Global supply chain planning

Morris Cohen, Professor Emeritus at the Wharton School, described supply-chain digital twins that model inventory levels, spare-parts needs, promotional impacts, and potential disruptions across global networks. These twins draw on detailed ERP data and use an “Optimal Machine Learning” approach to connect historical and simulated scenarios directly to recommended decisions. They help companies determine where to place semiconductor spare parts, how to plan for consumer-electronics demand, and how to balance service levels, inventory investment, and resilience under uncertainty.

Prof. Vanessa Chan of Penn Engineering; Tim McCain

How Digital Twins Create Value: Pathways to Monetization

Despite the many diverse applications of digital twins, monetization pathways follow a consistent pattern: organizations do not capture value from the twin itself, but from the improved decisions, reduced risks, and operational efficiencies the twin enables. Across industries, several monetization methods appeared repeatedly across the day’s presentations:

Forecasting and Predictive Intelligence
Digital twins power advanced forecasting tools that can be sold as APIs, subscriptions, or enterprise solutions. These predictions create value for sectors such as insurance, agriculture, logistics, mobility, and energy by improving planning horizons and reducing uncertainty.

Examples: weather-risk forecasts for insurers; solar-potential forecasts for cities; traffic-congestion forecasts for mobility operators.

Operational Optimization and Cost Reduction
Twins that monitor or simulate real-world systems help reduce downtime, improve throughput, and increase energy efficiency. Monetization often takes the form of software licenses, systems-integration projects, or performance-based service agreements that share realized savings.

Examples: campus energy optimization; warehouse throughput tuning; refinery process stabilization.

Planning, Scenario Testing, and Capital Allocation
Digital twins support major investment decisions, from retrofits and grid upgrades to layout redesigns and fleet deployment. These insights are typically monetized through consulting engagements, planning-tool subscriptions, or enterprise software platforms.

Examples: building-retrofit planning; EV-charging infrastructure siting; warehouse layout validation.

Risk Management and Compliance
Twins that reveal structural integrity, safety-critical performance, or regulatory exposure create value by reducing organizational risk. Monetization emerges through monitoring services, compliance audits, safety-validation tools, and advisory offerings that help organizations meet regulatory or operational standards.

Examples: structural-health monitoring for heritage buildings; AV safety-scenario testing; supply-chain resilience modeling

Final Takeaways

The conference underscored that digital twins have moved well beyond the experimental stage.
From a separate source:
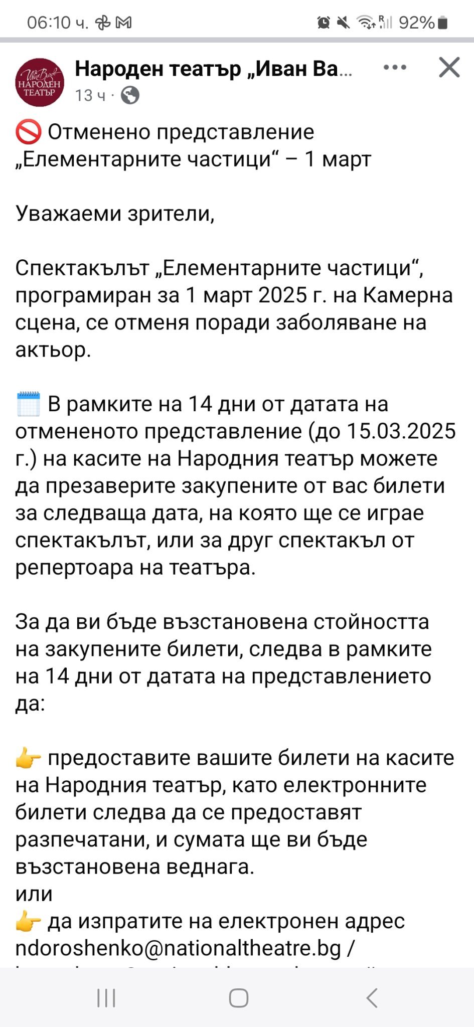 Възможно е, всеки вижда нещата по различен начин. Hug Но пък от моя "опит" с театъра, мога да потвърдя, че не всяко представление минава добре и всички да са перфектно концентрирани. Гледала съм някои представления по няколко пъти и актьорите често играят различно (понякога играта им не е толкова силна и въздействаща). Имам някои познати актьори и понякога през деня им се случват толкова неща като проблеми в някой проект, умира техен близък или домашен любимец, родителите им не са добре и ги карат по болници и т.н. И е много трудно вечер да отидеш да играеш представление и да си концентриран на 100 процента. Така че тук в случая може би съм уцелила добър момент. 😄

They are becoming a necessary tool as organizations are called to manage increasingly complex systems. Across sectors, speakers emphasized that successful digital twins were those that were purpose-built, data-informed, and tightly linked to decision-making, rather than positioned as all-purpose platforms.

“While many challenges face their further implementation, including data governance and validation plus trust-building for better collaboration across functional and organizational boundaries, the learning opportunities are of such a magnitude and scope that we can anticipate more rapid diffusion, particularly as AI supercharges what digital twins can do,” said MacDuffie.
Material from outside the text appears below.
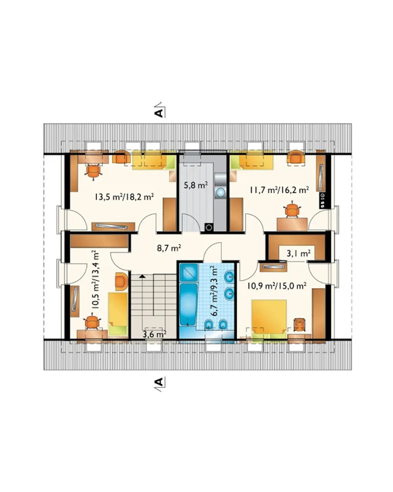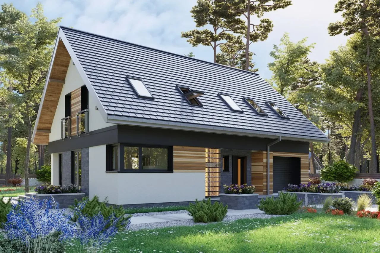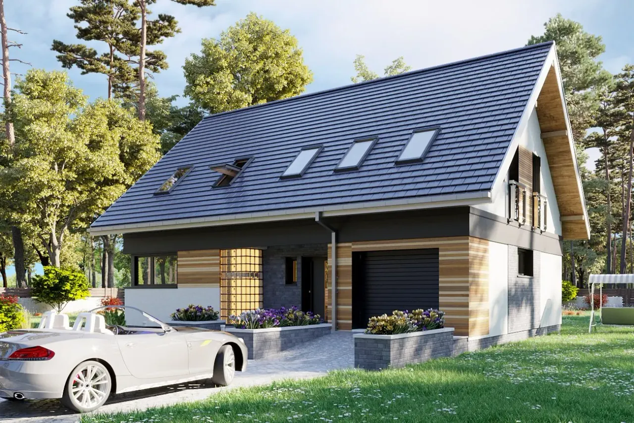 - elewacje - pokazują dokładny wygląd domu od frontu, z tyłu i z boków

“As we enter 2026, the manufacturing and supply‑chain sectors are facing unprecedented uncertainty,” concluded Rahul Mangharam. “Digital twins are demonstrating tangible value by strengthening organizational performance through rapid response, real‑time learning from shifting market dynamics, and improved multi‑scenario planning. Their tightly integrated, data‑driven architecture has accelerated the transition from digital twins as a promising concept to Digital Twins 2.0, now deeply embedded within the operational fabric of modern enterprises.”